▶ Brief
Quote the whole listing word for word. Do not include the pictures.

▶ Exercise data
========================================================================

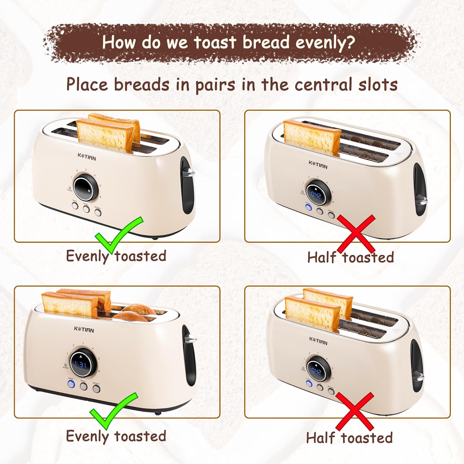 - Make More Toasts: With this long slot toaster, you can bake 4 slices of toast at a time, or longer 2 slices of bread, such as sandwich bread, handmade bread, rectangular toast, etc. And one 4 slice compact toaster saves more space in the kitchen
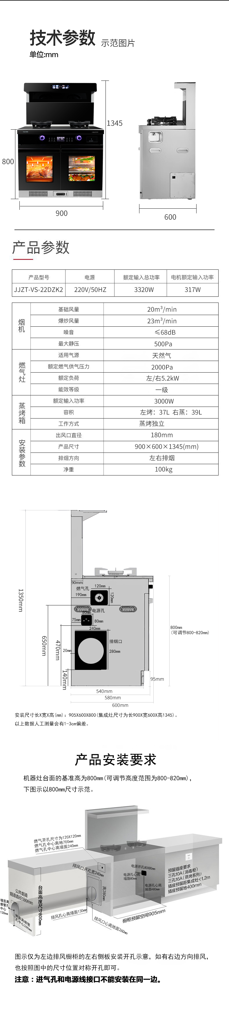900寬集成灶5.2kW蒸烤箱一體
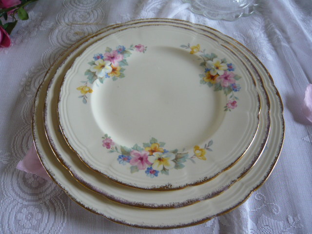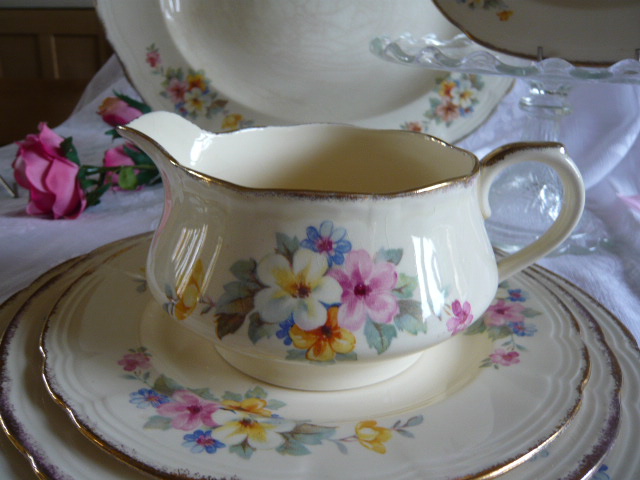 Very pretty vintage dinner service with delightful flowers in pinks, lemons and blues lovely for display on a dresser or nice to keep for use at special family dinners with christmas just around the corner this is just what you need......

========================================================================

▶ Task response
 - Make More Toasts: With this long slot toaster, you can bake 4 slices of toast at a time, or longer 2 slices of bread, such as sandwich bread, handmade bread, rectangular toast, etc. And one 4 slice compact toaster saves more space in the kitchen
900寬集成灶5.2kW蒸烤箱一體
 Very pretty vintage dinner service with delightful flowers in pinks, lemons and blues lovely for display on a dresser or nice to keep for use at special family dinners with christmas just around the corner this is just what you need......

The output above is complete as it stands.